According to the present invention, the same control as the closed loop control can be performed for the positioning piezo element for which the actual displacement is not measured, and the following effects are obtained.

(1) Hysteresis and drift between the voltage and displacement of the piezo element for positioning can be compensated.

(2) Due to the effect of (1), high-precision positioning on the order of submicrons can be realized without performing closed loop control of the phase determining piezo element.

(3) Due to the effect of (1), it is possible to process an arbitrary curved surface having a shape accuracy on the order of submicron, which cannot be processed by the conventional technology.

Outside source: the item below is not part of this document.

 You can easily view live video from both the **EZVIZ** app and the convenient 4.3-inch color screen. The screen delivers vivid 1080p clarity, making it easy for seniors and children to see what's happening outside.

[Brief description of the drawings]

FIG. 1 is a block diagram of the basic configuration of the present invention, FIG. 2 is a block diagram of a numerical control fly cutting apparatus of a tool cutting amount control type according to one embodiment of the present invention, and FIG. 3 is a conventional tool cutting amount control. FIG. 4 is a diagram showing an example of hysteresis between voltage and displacement of a piezo element, and FIG. 5 is a diagram showing a relationship between voltage and displacement of a piezo element according to an embodiment of the present invention. FIG. 1 ... Piezo element for cutting control, 2 ... Cutting tool, 3 ...
... Measurement piezo element, 4 ... Weight, 5 ... Displacement measuring instrument, 6 ... Function generator, 7 ... Piezo drive amplifier, 8
…… Cutter spindle, 9… Slip ring, 10 ……
Rotary encoder, 11 Workpiece, 12 Guide, 13
… Length measuring device, 14… Error detection circuit.

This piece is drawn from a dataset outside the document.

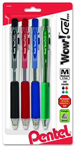 -. Title : Pentel Wow! Gel Colors Retractable Gel Pen, 0.7mm, Medium Line, Assorted Ink, 4 Pack (K437CRBP4M1)

──────────────────────────────────────────────────続 き Continuation of the front page (51) Int.Cl. ⁶ Identification number Agency reference number FI Technical display location H02N 2/00 H02N 2/00 B (72) Inventor Masahiko Katsuragi 1-280 Higashi-Koigabo, Kokubunji-shi, Tokyo Hitachi Central Research Laboratory Co., Ltd. (72) Inventor Tatsuto Suzuki 1-280 Higashi Koigakubo, Kokubunji-shi, Tokyo Hitachi Central Research Laboratory Co., Ltd. (56) References JP-A-63-209186 (JP, A) JP-A-60 -80502 (JP, A) JP-A-59-19601 (JP, A)

Claims (2)

(57) [Claims] A sample table, a processing tool for processing a sample on the sample table, a first piezo element for changing a position of the processing tool, a rotating means for rotating the processing tool, Control signal applying means for applying a control signal to the first piezo element; a second piezo element to which a control signal output from the control signal applying means is applied; and a second piezo element. A weight, a displacement meter for measuring an amount of expansion and contraction of the second piezo element, and closed loop control means for controlling the first piezo element based on an output signal from the displacement meter. Processing equipment. 2. A processing method for processing a sample surface using a rotary processing tool provided on a first piezo element, wherein a control signal common to a control signal to the first piezo element is applied, and a weight is applied. A processing method for controlling the first piezo element based on the amount of expansion and contraction of the second piezo element provided with the first piezo element.